#  >  > Living And Legal Affairs In Thailand >  >  > Learn Thai Language >  >  Need help translating a Facebook comment

## Shiryuu

Hi all, I need some help on a translation from a Facebook comment. As I did a little research and with my basic understanding of the language, I hope I can also get corrected along the way if I made any mistake.

Here is the original sentence:

ต้องขอบคุณพี่เอ๋อของเราเปนอย่างมากนะคร๊ะ อิอิ

My breakdown and understanding 
ต้อง = Must
ขอบคุณ = Thankful / Thank
พี่ = You (Addressing someone older?)
เอ๋อ = ??
ของ = of? things?
เรา = We, us
เป = ??
นอย่าง = ??
มาก = very much
นะ = (Particle to soften sentence)
คร๊ะ = (Particle to end sentence pleasantly)
อิอิ = Haha?

Thank you for those that can help. Really like to know the context of this sentence.

----------


## Topper

Her mom's letting you know you're welcome to family and she's hoping her daughter will have a boy baby.

----------


## DrB0b

It's a pun. It says "We have to say thanks very much Phi Uur, ha ha". The pun is in the พี่	เอ๋อ (Phi Uur) as it can also be translated/read as Mr Retard (actually Mr Downs-Syndrome). Phi Uur is also a rather unpleasant nickname for a fairly well-known Thai person so could be a reference to him.

----------


## Neverna

I think it simply says, "I want to thank you P' Er very much." or "I want to thank our "P' Er" very much." 
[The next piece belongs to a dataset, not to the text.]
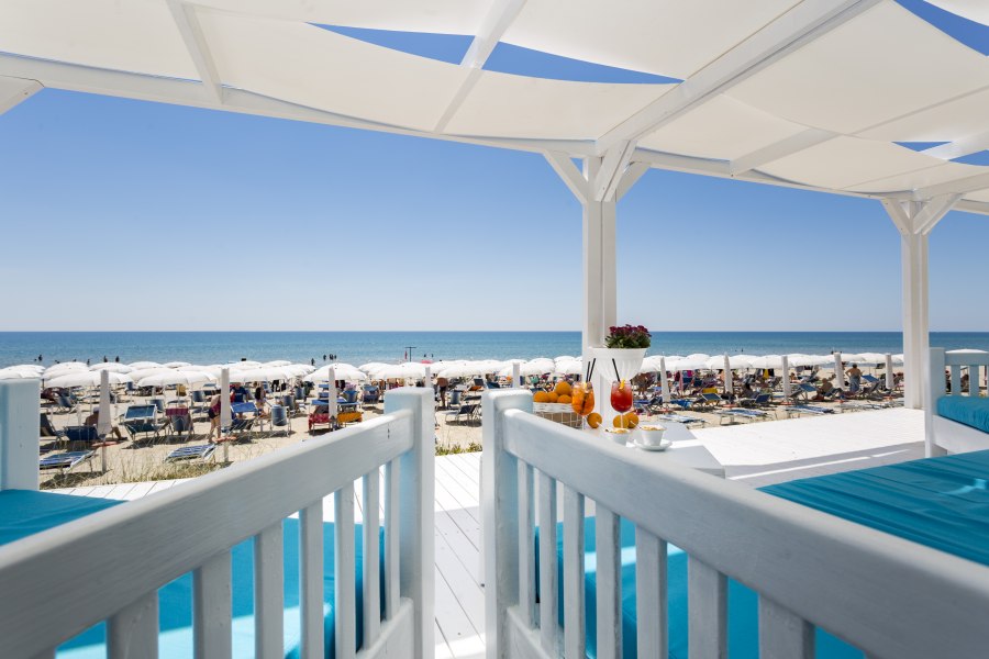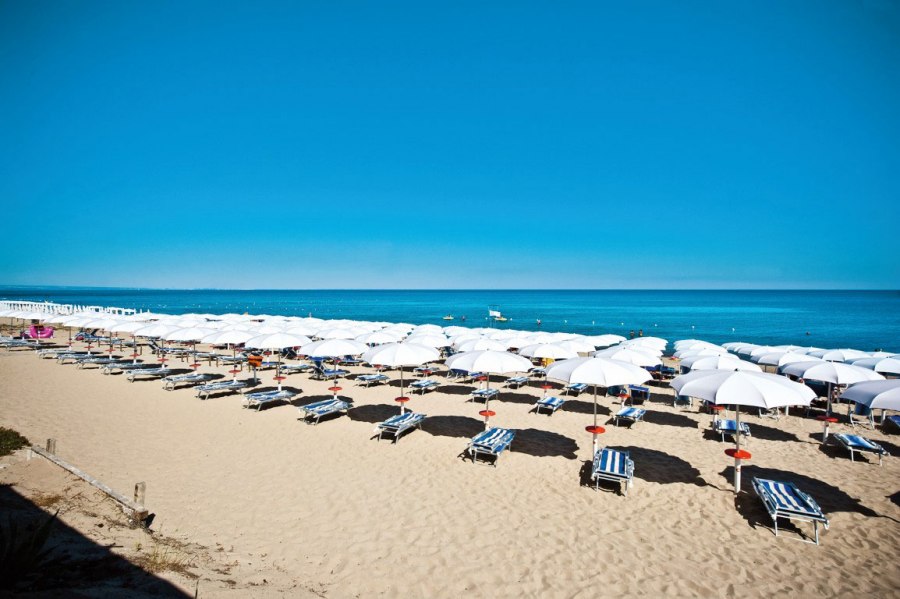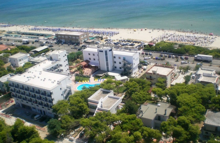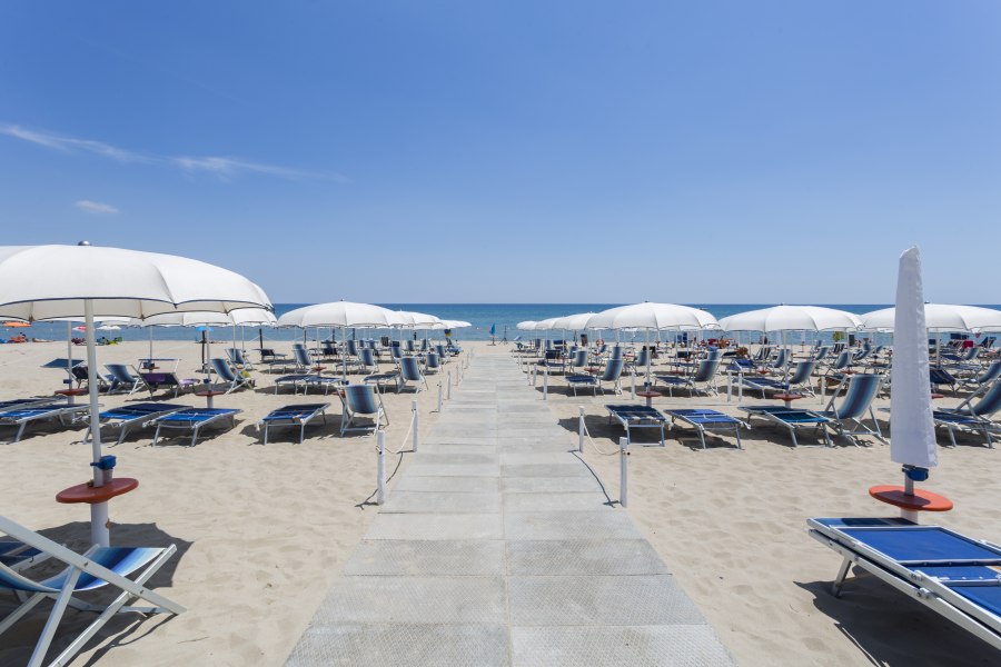 Di fronte all’hotel, a soli 20 metri, con attraversamento del lungomare, ampia e lunga spiaggia di sabbia fine con fondale leggermente digradante, premiato, per la quinta volta consecutiva con la Bandiera Blu. Lido privato e attrezzato con sdraio, lettini e ombrelloni, snack bar e servizi immersi nel verde della suggestiva macchia mediterranea tra cui una zona dedicata al miniclub. Il lido è dotato anche di sedia Job per la clientela disabile. Disponibilità di teli mare (su richiesta e a pagamento).

พี่ = P' (Addressing someone older)
เอ๋อ = Er (Someone's nick name by the looks of it)

เปน = A spelling mistake I think. Probably should be เป็น  (be/being/is, etc)
อย่างมาก = maximum/at most ... but  เป็นอย่างมาก  together just means "very much"

ของเรา = our/my (literally, belonging to us or me)
ขอบคุณ = Thank (you)

----------


## Shiryuu

> It's a pun. It says "We have to say thanks very much Phi Uur, ha ha". The pun is in the พี่	เอ๋อ (Phi Uur) as it can also be translated/read as Mr Retard (actually Mr Downs-Syndrome). Phi Uur is also a rather unpleasant nickname for a fairly well-known Thai person so could be a reference to him.


Well, I tried to research a little on เอ๋อ and came with the following results.

1. Er - A pronunciation term for the Chinese word 儿，which mean child. It is also a particle used to express affectionate towards a lover. Some Chinese names also have this word.

2. From google translate, it's short for "effort" which I don't understand how they coin this up.

3. Again from google translate, it's short for "Autism" again, no idea how this comes up.

4. From Thai-language, it is the second word to signify down-syndrome. 

5. Sanook dictionary website - It Says here that it is a term used to express stun, shock or puzzled.

Hence, kinda confusing how these term got arrived.

----------


## Neverna

It's hard to be very accurate when there is no context to the sentence. The 'Er' might actually be another spelling mistake. Perhaps the name is really A or Ae but another letter (_or ang_) was typed after - or perhaps Er really is a nickname. You said it's from a Facebook comment. Who was it addressed to? Male/female? You?  Someone else? Name/nickname?

Rule number 1: Don't rely on Google translate with the Thai language. It's awful.
Rule number 2: translating word by word (one at a time) is not always reliable. It's the easiest way for beginners but languages and translation are more complex than that. If you read that someone "popped off to the pub" and you looked up the words 'pop' and 'off' separately, you would be somewhat confused about what was really happening.

----------


## Shiryuu

Thanks Neverna. You have been helpful.

Basically, I am not sure if it is addressed to me. 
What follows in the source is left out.